Here, f(w) is the "objective function", and g_i(w) is the ith (of m) "constraint function". Given a set of n "candidate solutions" {w_0,w1,...,w{n-1}}, this function finds a distribution over these n candidates that, in expectation, minimizes the objective while violating the constraints by the smallest possible amount (with the amount being found via bisection search).

The objective_vector parameter should be a numpy array with shape (n,), for which objective_vector[i] = f(w_i). Likewise, constraints_matrix should be a numpy array with shape (m,n), for which constraints_matrix[i,j] = g_i(w_j).
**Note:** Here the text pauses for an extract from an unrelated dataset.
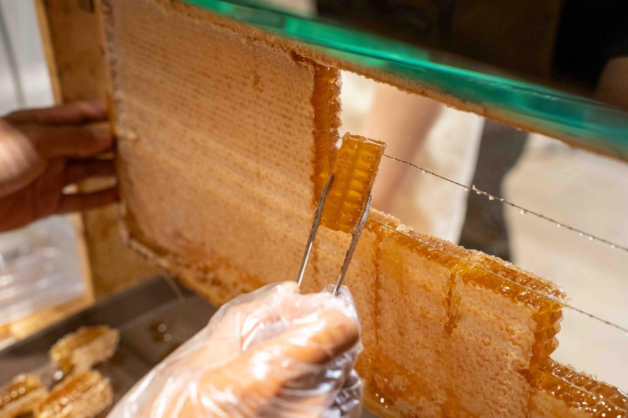 There’s also various flavours of chocolate sauce drizzled for each one. There are currently 4 Kunafa Ice Cream flavours launched at Honeybee: Pistachio, Red Velvet, Nutella and Strawberry. If you like your ice cream extra sweet you can get either the Pistachio or Red Velvet flavours, as they come with a slab of fresh honeycomb on top.

This function will return a distribution for which at most m+1 probabilities, and often fewer, are nonzero.

For more specifics, please refer to:

Cotter, Jiang and Sridharan. "Two-Player Games for Efficient Non-Convex Constrained Optimization".

This function implements the approach described in Lemma 3.


  • objective_vector: numpy array of shape (n,), where n is the number of "candidate solutions". Contains the objective function values.
  • constraints_matrix: numpy array of shape (m,n), where m is the number of constraints and n is the number of "candidate solutions". Contains the constraint violation magnitudes.
  • epsilon: nonnegative float, the threshold at which to terminate the binary search while searching for the minimal expected constraint violation magnitude.


The optimal distribution, as a numpy array of shape (n,).


  • ValueError: If objective_vector and constraints_matrix have inconsistent shapes, or if epsilon is negative.
  • ImportError: If we're unable to import scipy.optimize.